Der Tweet von Prieto kam Stunden nachdem Donald Trump am Freitag eine neue Exekutive Anordnung unterzeichnete, die die Sanktionen gegen Kuba ausweitet und ausländische Finanzinstitute ins Visier nimmt sowie Vermögenswerte in den Sektoren Energie, Verteidigung, Bergbau und Finanzdienstleistungen blockiert.

Die Maßnahme kommt zu den über 240 Sanktionen hinzu, die von der Trump-Administration seit Januar 2026 verhängt wurden.

In his publication, Prieto quoted directly Miguel Díaz-Canel: «Kein Aggressor, so mächtig er auch sein mag, wird in Kuba eine Kapitulation finden», und er hob hervor, dass mehr als sechs Millionen Kubaner die Kampagne «Meine Unterschrift für das Vaterland» unterzeichneten, bevor sie am Ersten Mai marschierten.

Der Regierungsapparat hat 6.230.973 Unterschriften in dieser Kampagne angekündigt, wobei Minister Bruno Rodríguez erklärte, dass dies 81% der Bevölkerung repräsentiert.

Sin embargo, der Oppositionsführer José Daniel Ferrer und andere Aktivisten beschuldigten massive Zwangsmaßnahmen an Arbeitsplätzen, Schulen und Verteidigungskomitees der Revolution, um die Unterschriften zu sammeln, und bezeichneten die Kampagne als «propagandistische Farce».

Die Maidemonstration wurde von der Plaza de la Revolución zur Antiimperialistischen Tribüne José Martí verlegt, gegenüber der Botschaft der Vereinigten Staaten am Malecón in Havanna, mit dem offiziellen Argument der „Austerität“ angesichts der „Energieblockade“.

Die Teilnahme war im Vergleich zu den Vorjahren bemerkenswert niedrig, mit starker Präsenz von Sicherheitskräften und Druck auf Arbeiter und Studierende, um teilzunehmen.

Raúl Castro, 94 Jahre alt und deutlich angeschlagen, präsidierte die politische Veranstaltung und erhielt symbolisch die beiden Bücher mit den gesammelten Unterschriften.

Der Kontext, in dem Prieto seine Botschaft übermittelt, ist von höchster Spannung. Am Donnerstag drohte Trump bei einem privaten Dinner in West Palm Beach mit der Entsendung des Flugzeugträgers USS Abraham Lincoln in nur hundert Metern Entfernung von den kubanischen Küsten, um die Kapitulation des Regimes zu erzwingen, und erklärte, dass die Vereinigten Staaten „Kuba fast sofort übernehmen“ werden.

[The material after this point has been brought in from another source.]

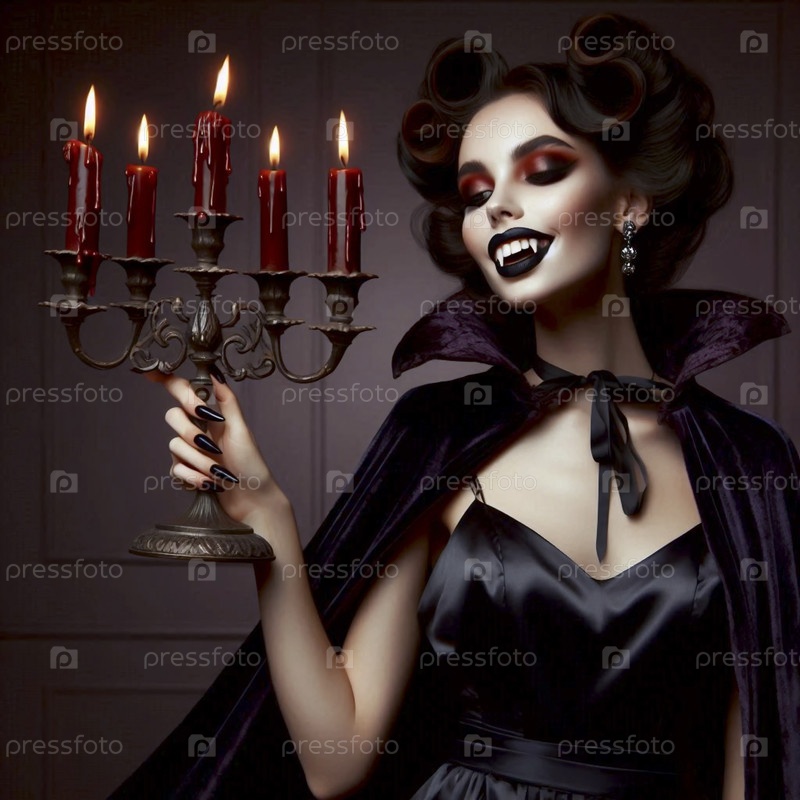 Пин-ап девушка, одетая в вампира на Хэллоуин, держит свечи, Ai generated image
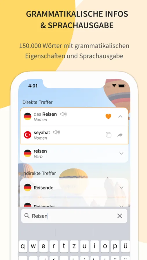 Die App bietet umfassende Informationen über die grammatikalischen Eigenschaften von Wörtern und Vokabeln.

Prieto ist seit Monaten einer der aktivsten Sprecher des Regimes in den sozialen Netzwerken. Im März, während der Proteste in Morón, Ciego de Ávila, rief er auf X dazu auf, „uns gemeinsam mit Díaz-Canel vereint zu halten“ und deutete an, dass der israelische Mossad hinter den Unruhen steckte.

Ihre Beiträge haben massive Ablehnung unter Kubanern ausgelöst, die auf die Widersprüche zwischen ihrer Rhetorik und der Realität von Stromausfällen von 10 bis 25 Stunden täglich, zusammengebrochenen Krankenhäusern und weit verbreiteter Knappheit hinweisen. Ein Nutzer antwortete ihr im April: „Demütigender ist es, vor Hunger zu sterben und vom Geld des Verwandten in den USA zu leben.“

Cuba steht vor einer prognostizierten wirtschaftlichen Schrumpfung von 7,2% im Jahr 2026 und einem kumulierten Rückgang des BIP von 23% seit 2019, was die schlimmste Wirtschaftskrise der Insel seit Jahrzehnten darstellt.

Das durch die Exekutive Anordnung 14380, unterzeichnet am 29. Januar, verhängte Energieembargo hat die kubanischen Ölimporte um 80 bis 90 % reduziert, wobei bis zu sieben Tanker abgefangen wurden, gemäß den bis zu diesem Datum verfügbaren Daten.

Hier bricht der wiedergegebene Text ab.